Seattle and the rest of the world could be doing well at recycling but it's not true everywhere. Unfortunately the east coast does not have as good a reputation as other places. The rules are not nearly as strict as they should be here. We have trash pickup and the rule is; the recycle bin has to be out at the curb ad there has to be at least one item in it in oder to have your trash taken. It's sad but true, people actually do just that. As I said, it's a hassle to some to actually put an effort into keeping green green. 
And New York City, last I knew they shipped a portion of their trash out to sea, hence the plastic soda can rings


----------



## begreen (May 25, 2014)

We've been recycling for the past 35 years. The last 20 in a rural area. The effort is minimal. I wouldn't have it any other way.


----------



## Doug MacIVER (May 25, 2014)

like I've said. Hanover, Mass zero mandatory recycle mandates. hey, if you want to, ok. if not, ok. hell everything goes to semass from here and powers  nastygrid.  then they recycle the rest of the stuff.  the town loses the recycle profit.(if there is any)


----------



## My Oslo heats my home (May 25, 2014)

begreen said:


> We've been recycling for the past 35 years. The last 20 in a rural area. The effort is minimal. I wouldn't have it any other way.

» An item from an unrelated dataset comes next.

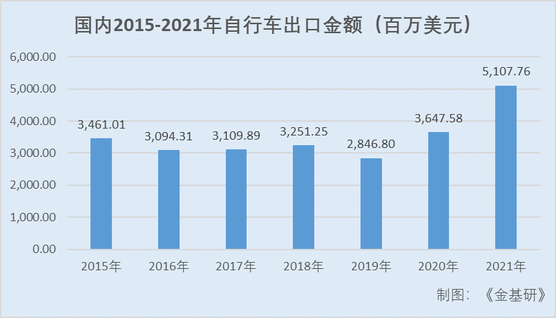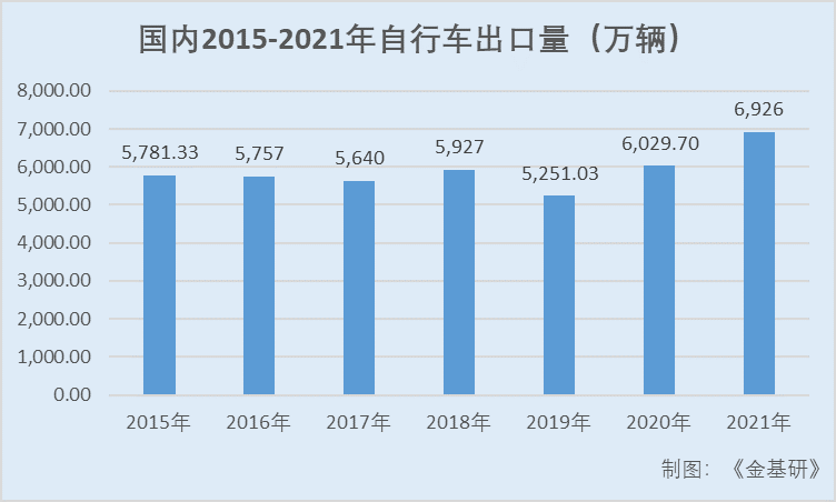 值得一提的是,据统计数据,2020年和2021年国内自行车出口数量和出口金额皆实现较快增长。其中2021年国内自行车出口数量为6,926万辆,同比增长14.9%;出口金额为51.08亿美元,同比增长40%。

I wouldn't have it any other way either, I make the effort despite what this part of the country does as a whole. 15 years ago I might have put out 3 full bags of trash for a weeks worth. Today it's closer to a 1/2 bag and 2 full recycle bins. I have a clear conscience on wednesday mornings


----------



## My Oslo heats my home (May 25, 2014)

Doug MacIVER said:


> like I've said. Hanover, Mass zero mandatory recycle mandates. hey, if you want to, ok. if not, ok. hell everything goes to semass from here and powers  nastygrid.  then they recycle the rest of the stuff.  the town loses the recycle profit.(if there is any)


Hanover also has a station you have to bring the trash and recycle to, no pickup. Hard to control the goings on in a place like that. The good part, just as in Rockland (where I am), that the trash goes to semass. The trash is burned and turned into energy.


----------



## Doug MacIVER (May 25, 2014)

My Oslo heats my home said:


> Hanover also has a station you have to bring the trash and recycle to, no pickup. Hard to control the goings on in a place like that. The good part, just as in Rockland (where I am), that the trash goes to semass. The trash is burned and turned into energy.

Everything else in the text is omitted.